A randomized comparison of plasma levobupivacaine concentrations following thoracic epidural analgesia and subpleural paravertebral analgesia in open thoracic surgery
2020-02-13T06:41:28Z (GMT) by
Continuous subpleural paravertebral analgesia may be an alternative to thoracic epidural analgesia following open thoracic procedures. Data about the pharmacokinetic profile of levobupivacaine after administration to the subpleural paravertebral space is unknown. This randomized study investigated differences in plasma levobupivacaine levels between thoracic epidural and subpleural paravertebral administrations. Forty-four patients scheduled for lobectomy or pneumonectomy were randomly allocated into two groups. A thoracic epidural catheter was inserted at the T5-T7 level preoperatively in one group, while the other group had a catheter inserted by the surgeon under direct vision in the paravertebral space at the level of the thoracotomy. A bolus of 0.25% levobupivacaine at 0.5 mg per kg of body weight was administered before the closure of the thoracotomy. The primary outcome was the plasma level of levobupivacaine at 30, 60 and 120 mins. Based on these results, pharmacokinetic modeling was performed. Secondary outcomes included the quality of pain relief, the need for additional systemic analgesia, hemodynamic instability, complication rates and mobility of the patients. Levobupivacaine plasma levels were without statistical difference 30 min after administration – 0.389 mg.L-1 in the epidural and 0.318 mg.L-1 in the subpleural group (p=0.11). Plasma levels were significantly lower in the subpleural group at 60 (p=0.026) and 120 mins (p=0.006). Maximum concentrations and areas under the curve were higher in the epidural group.

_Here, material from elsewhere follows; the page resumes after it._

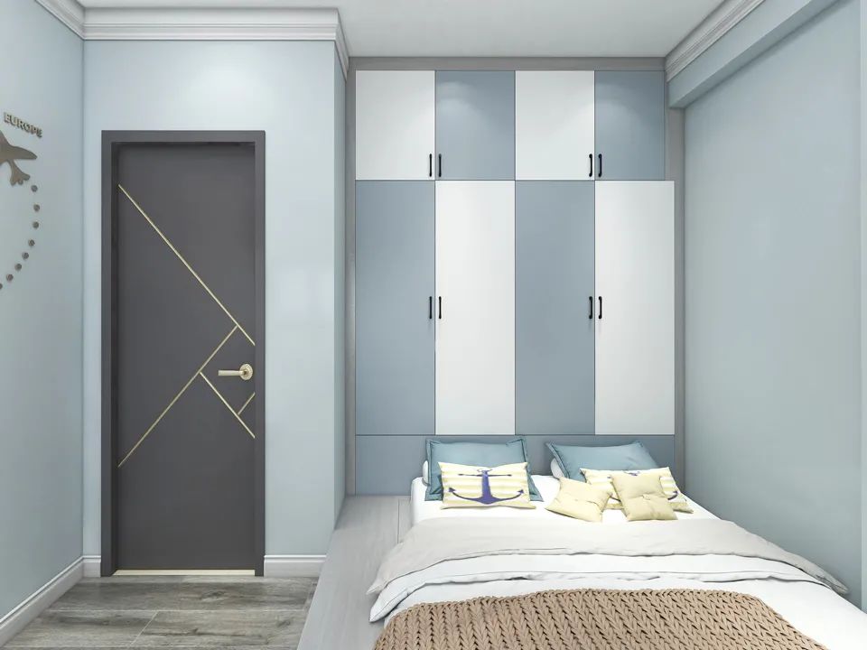 對(duì)于兒童房來說,可以選擇一些亮麗、清新的色彩作為衣柜門,比如藍(lán)色、綠色等,搭配卡通范的壁紙、墻貼,更有活力。

The time to achieve maximum plasma concentration was similar in both groups – 27.6 versus 24.2 minutes. The intensity of pain was higher in the subpleural group only at two hours (p=0.03), while the need for additional systemic analgesia was similar in both groups. There was no difference between the groups in postoperative complications, mobility and the incidence of hypotension. Systemic levels of levobupivacaine were low in both thoracic epidural and subpleural paravertebral analgesia after bolus administration of local anesthetic and no symptoms of systemic local anesthetic toxicity were recorded. Dosage of 0.5 mg.kg-1 should be sufficiently safe and effective for providing postoperative analgesia in open thoracic surgery.